Heading into the eighth inning with a 7-3 lead, the White Sox were in pretty good position to head into the back end of a doubleheader with their bullpen largely intact.
Then Zach Duke let the first two reach, and Matt Albers gave up a homer to cut the lead to one, and Nate Jones and David Robertson had to grind out the last four outs to take the first game.
But at least they took the first game, which was far from a given with Mat Latos pitching. Maybe the pitching staff just wanted to use all of a seven-run outburst.
Latos wasn't really the problem, even though he gave up two leads by allowing two homers. When Todd Frazier hit a solo shot in the first, Mike Napoli answered one in the second. Likewise, Marlon Byrd's two-run shot in the top of the fifth erased the gains from manufactured runs in the third and fourth innings.
Having lost a one-run and a two-run lead, Brett Lawrie decided to up the ante. After Jose Abreu popped out with runners on first and second for the second out of the fifth, Lawrie jumped on a full-count fastball and hit a no-doubter to left to give the Sox a 6-3 lead. Latos answered with a shutdown inning and ended up running his record to 6-1 as a result, although it wasn't that easy.
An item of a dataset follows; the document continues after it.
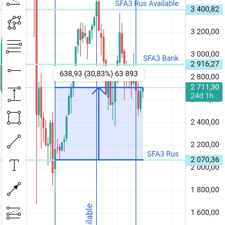 Цена рублебочки пробила 3500 рублей вниз - это падение стоимости нефти на 40% г/г и это тоже минимум с начала 2023 года.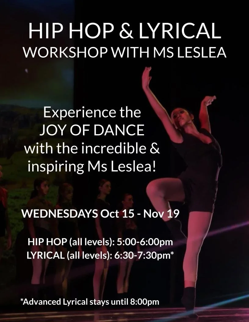 We are so excited to bring Ms Leslea back for an incredible and inspiring workshop this fall! Ms Leslea has had an amazing dancing and teaching career over many years, and we are so honored to have her join us again!

The Sox missed out on a chance to tack on a run in the sixth. For some reason, Adam Eaton bunted runners on first and second over instead of swinging away, and neither Jimmy Rollins (strikeout) nor Todd Frazier (flyout) could cash in the run.
Luckily for the Sox, the Indians were in a giving mood. In the seventh, Melky Cabrera made it to second after Rajai Davis dropped a flyball to center, and Jose Abreu reached on another error when Jason Kipnis booted his grounder up the middle in an attempt to keep it from hitting second base. Brett Lawrie drew a walk to load the bases with nobody out, but Carlos Sanchez's rope to right turned into a 9-2 double play based on a questionable send and a great throw by Michael Martinez.
Somehow, the Sox still scored a run without a hit. Dan Otero walked Dioner Navarro to reload the bases, after which Terry Francona called on Austin Adams to face Austin Jackson. The battle of Austins turned into the Election of 1828, because Jackson beat Adams in a walk that brought home the all-important seventh run.
Robin Ventura tried to get (most of) a second inning out of Duke, but that dream died with a walk and a hustle double. Albers came in to try to limit the damage, and he was on the cusp of achieving that goal with a soft lineout and a groundout, which scored one run. But then Albers locked horns with Jose Ramirez in a prolonged at-bat, and Albers blinked. On the 10th pitch, Albers grooved a sinker, and Ramirez socked it out to right to make it a 7-6 game.
That pitch necessitated an appearance by Nate Jones, who ended the eighth on a strikeout, and then David Robertson for the ninth. Robertson added to the tension by walking Davis to start the inning, and he stole second on a strikeout. But Robertson didn't let him advance any further, striking out Martinez and getting Carlos Santana to ground out for the save.
*Jackson had a huge day in the ninth spot, going 3-for-3 with a double, an RBI single on a two-part swing/excuse-me blooper to right for one RBI, and the walk for another.
*Lawrie was perfect as well, going 2-for-2 with the homer, three walks and a stolen base.
*Frazier was one notch below them, going 2-for-3 with the homer, two walks, and an unwatched stolen base.
*Jose Abreu was a mixed bag. He went 1-for-5 with a lineout and a well-struck single, but he preceded Lawries's homer by popping out on a 2-0 pitch on a fastball in off the plate.
*Mat Latos: 6 IP 5 H, 3 R, 3 ER, 1 BB, 4 K, 2 HR. That'll do in this kind of game.